The Great Pause Week 99: Hamster Wheel Futures
Cultural inertia is what binds us to outdated memes.
A few years ago Rob Hopkins, best known for his work in creating the post-apocalyptic Transition Network, came out with a book, From What Is to What If, lamenting our collective failure of imagination. Why, he asked, have we been so reluctant to break free of millennial memes of hierarchical, hostile, unsustainably extractive and self-destructive social patterns? Why could we not simply imagine something better and then do it? He decided that it was a failure of imagination more than other barriers, and that imagination was like a muscle that either you exercise or it atrophies. As a global culture we tend to relegate creative imagining to the artistic periphery.
From What Is to What If (Audiobook) - Chelsea Green Publishing
More Reviews and Praise "Day after day, week after week, the climate is changing and biodiversity is fading away.
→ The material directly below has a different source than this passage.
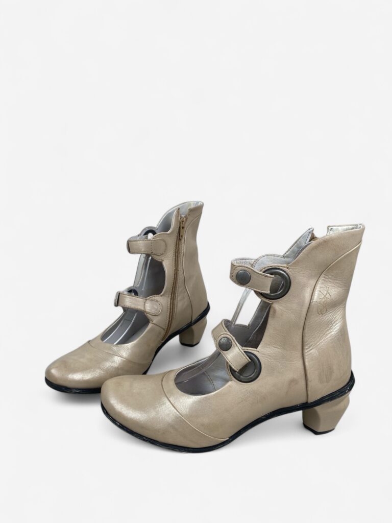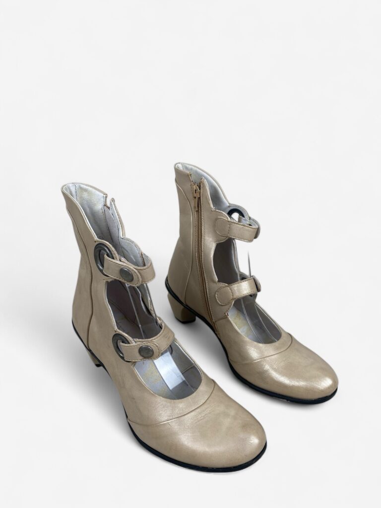Vintage sculpted beige/golden Mary-Jane shoes with three rows of stripes

“Reproductive futurity” is how Alex Cuicho described the rut that our mainstream finds itself in.
Under reproductive futurity, we are collectively biased towards non-disruptive and incremental change, and against the radical, queer, or truly revolutionary that threatens the so-called “natural order” of biological sex, family values, and economic growth. So-called realism has trapped us in an interminable present, where even the most daring innovations fail to envision a better and more equitable world — and in fact depend on the failure of our imagination for their successes….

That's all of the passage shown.